Harimau wrote:Some harder geometry for anyone interested.

Consider an equilateral triangle ABC, of sides a units. P is a point on BC. P is projected to a point P1 on AB, such that PP1 is perpendicular to AB. Similarly, P1 is projected to a point P2 on AC such that P1P2 is perpendicular to AC. Again, The point P2 is projected to a point P3 on BC such that P2P3 is perpendicular to BC. (Note that P3 does not equal P) This pattern is then repeated on to infinity.

Now as n approaches infinity, what do the shapes of the points P(n-1), P(n) and P(n+1) tend towards? Find the length of the sides of this shape.


Sorry, I've never seen this type of problems before (never took any geometry higher than than high school geometry) so I can only give you a rough sketch of what I think is the answer.

First of all, there can only be one answer if there is a shape as n->lazy 8, and that is an equilateral triangle inside the big one. Otherwise there is no definitive shape to speak of. Further more, the projection of the points make 3 nice 1-2-root3 triangle for every three points. So if indeed the shape approaches that triangle, then the total length of the three perpendicular projections will be a×root3.

Now let's try and show that the shape does tend toward that triangle we think it does. we'll consider a set of three projections at one time. Let the original length (which is also the hypotenus of the first triangle drawn) be x0, then because of the 60degree right triangle, the second hypotenus will be a-x0/2, and the third one will be a-x1/2, and the fourth, will be a-x2/2.

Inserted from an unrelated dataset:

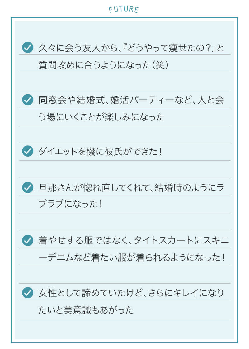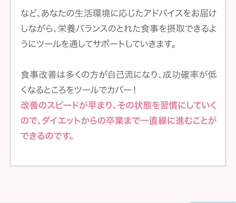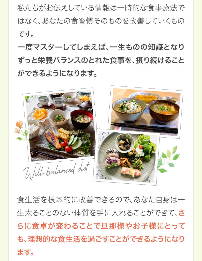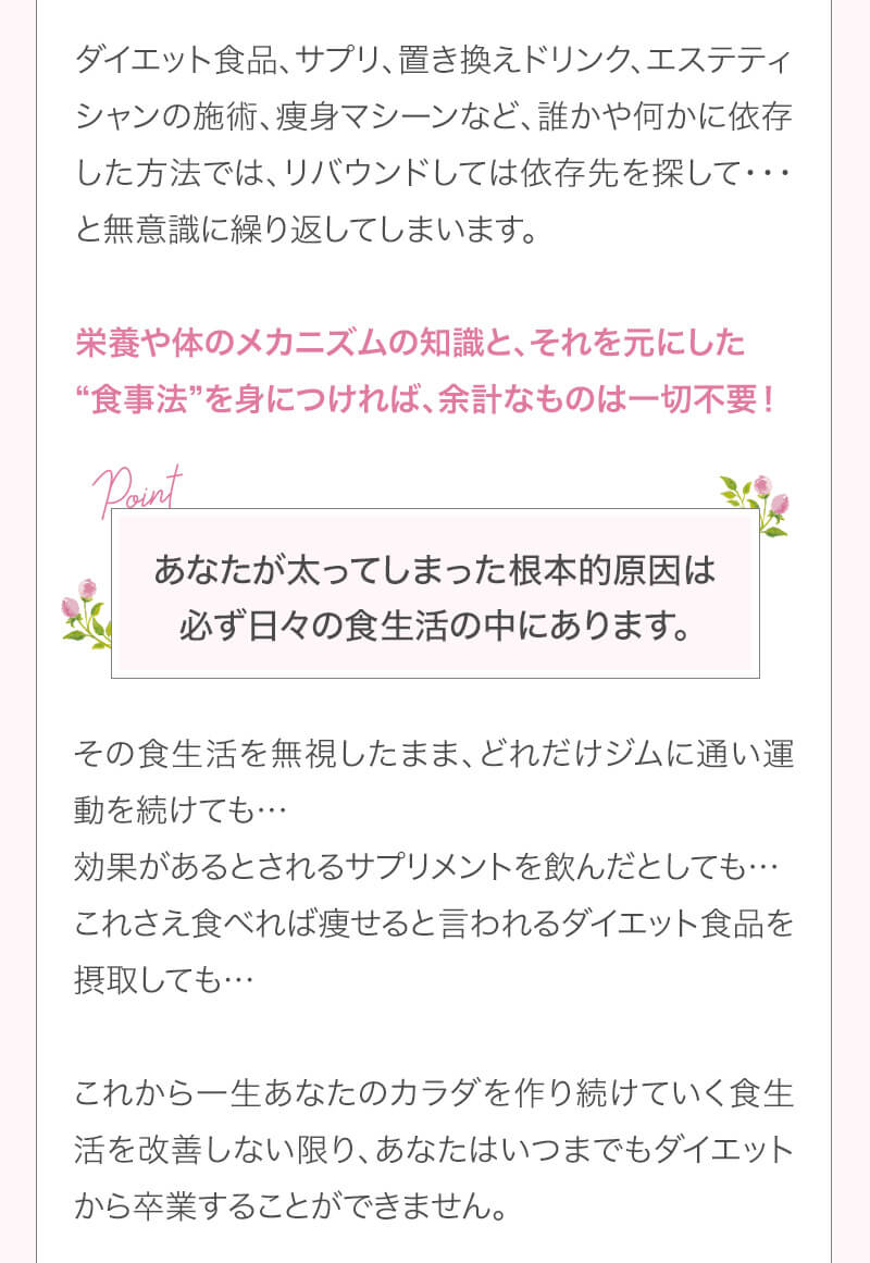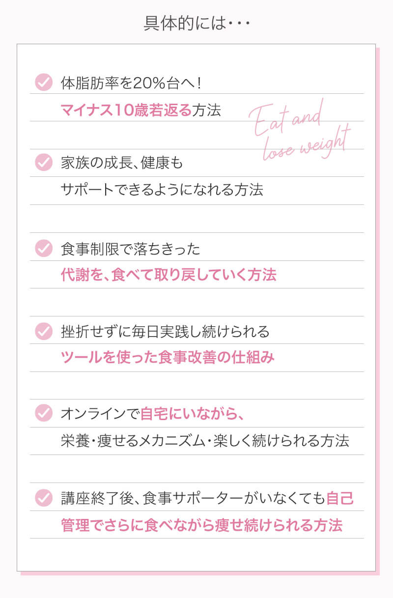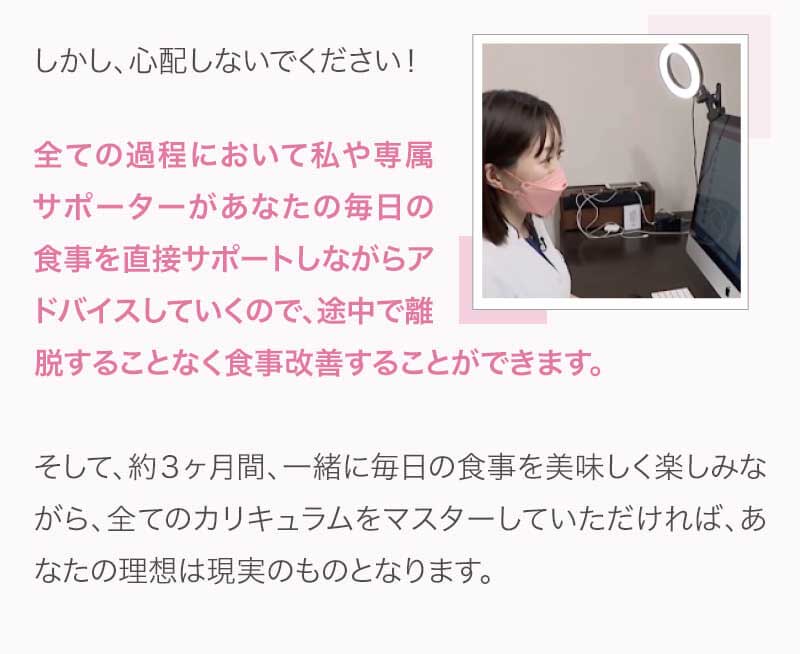 ▼ 続きを読む 小さい頃から大きかったので、ずっと極端なダイエットを22年間繰り返してきました。食べないで5kg痩せて13kgリバウンドしてしまったりだとか…。どんどん苦しくなっていきました。そこから抜け出したくて調べているうちにベルラスダイエットに出会いました。お金も払ったけど、こんな食欲コントロールできない状態で、写真を撮っても、それ以外の物をどんどん食べてしまって、自分はサポートしてもらっても、ダイエットできなかったらどうしようという、不安がありました。始めてみたら、人に見てもらえるという安心感をすごく感じました。毎日笑顔で、ダイエットなんて忘れて暮らしていきたい!洋服を試着室とかで悩まずにパッと選んでパッと着ることができたら、なんていいだろう、と思って続けていくことができました。無理やりこうしましょう!というのは一切なくて、私が『こうした方がいい』って感じてそれを実行してる環境がありました。それを繰り返しているうちに変わっていくことができたので、すごい自信がつきました!私のように一生懸命にやりすぎて、八方塞がりになっている方や、育児でなかなか外に出られない方、自分のことに時間を費やせない方にオンラインで、寄り添っていただきながら受講できるのでオススメです! ▼ 続きを読む 常にダイエット情報を検索しているのに、食べ物を目の前にすると、満足するまで食べて尽くし、後悔を繰り返していました。年々太っていく自分が嫌になり、気が付いたら久しぶりに会う友人や親戚の集まりにも、仕事だからと言い訳をして会わないようになっていました。ネガティブな事ばかり考えていました。健康的な食事を色々実践していましたが、痩せる事もできず、旦那さんに八つ当たりを繰り返していました。本っっっ当に!面倒くさがりでズボラな性格の私にできるのだろうか?料理は得意ではないけど、続けることができるのかな?子供の頃からずぅっと肥満体型だったので、そんな私でも痩せて、しかも維持できるのだろうか?また仕事柄(医療関係)体の仕組みは理解しているので、納得してできる内容なのだろうか?と本当にたくさん不安はありました。が・・結果、もっと!!早く出会いたかったです。子供の頃からの便秘も解消されて、毎朝スッキリでるのが当たり前になりました。ずっと月経不順で薬を飲んでいましたが、自然に生理がくるようになりました!今は続けられた自分を誇りに思ってます。この経験は一生役に立つ内容なので、大切な家族の健康も守っていけると思います。今までのダイエットにウン百万円を浪費しても痩せられなかった私が、人生最後のダイエットにする事ができました。 ▼ 続きを読む 元々中学生になった頃からずっとぽっちゃりしていて、ずっとスリム体型に憧れていました。 一度、産後に小学生の頃のように痩せたので、家族からは、痩せているのが本当で、太ってくると、怠けているような目で見られていました。 勇気を出して飛び込んだからこそ、今の変われた自分に出会えました。 一歩踏み出して本当に良かったと感じています。 たった3ヶ月で体重−9.4kg、体脂肪率−10.8%、PMSや便秘、睡眠の質が劇的に改善され、疲れやすくてため息ばかりでしたがサプリを手放し、朝活ができるまでになりました。 日々、システムに写真を貼り付け、内容をチェックする事で、一日の自分がちゃんと必要な栄養を取れたのかどうかが分かって良かったです。これが良い週間となりました。 私はもう、ドツボにはまっている自分に充分気がついていましたので、この出会いを逃したら、一度の人生を後悔で終える事が目に見えていました。 そんな人生もう辞めたい、そう思い、ベルラスに駆け込みました。 それがたった数ヶ月前の事だとは、改めて自分で驚く程、今では心身の贅肉もすっかり落ちて、なりたい自分になれたことで、自信を持ってやりたい事に向き合えるようになりました。 ベルラスは、必ず寄り添ってくださり、時には思いの丈をぶつけても、必ず、くみ取ってくださいます。 ベルラスは、そんな暖かい場所です。 ▼ 続きを読む 様々なダイエットに手をつけて、ダイエットしてはリバウンドを繰り返していました。 食べるのが大好きなので1kg落とすのにも苦労する私が本当に痩せることができるのか、飽きっぽい私が3ヶ月継続することができるのかという不安がありました。 たった3ヶ月で体重−9.4kg、体脂肪率−10.8%、PMSや便秘、睡眠の質が劇的に改善され、疲れやすくてため息ばかりでしたが朝活ができるまでになりました。 イライラも減り前向きに考えられるようになりました。 マンツーマンでお食事サポートをしてもらえるので3ヶ月間継続することができました。テキストやシステムもしっかりしていたので専門学校に通っているような気分で楽しく学べました。私だけのダイエットではなく、家族や大切な人にも伝えて健康を守っていける一生ものの知識が身につ

Since we assume that there is a difference between the length x0 and x3 (which we call z), then it's easy to calculate z=(6a-9x0)/8. If we plug in 2a/3 as x0, then the small equilateral triangle simply repeats itself as z=0. But if we consider x0<2a/3 or x0>2a/3, then we can see that, if x0<2a/3, then z is positive, meaning that the x0 for the next set of 3 projections will be closer to 2a/3; while if x0>2a/3, then z becomes negative, meaning the x0 for the next set will be smaller, and closer to 2a/3 as well.

There's still the problem of how much the increment z is, and we have to comfirm that it actually makes the x0 for the next set closer to 2a/3 in the case that x0+z jumps from less than 2a/3 to greater...but I'm not that far yet. Hope it helps (which I doubt, since I've never seen problems like this before).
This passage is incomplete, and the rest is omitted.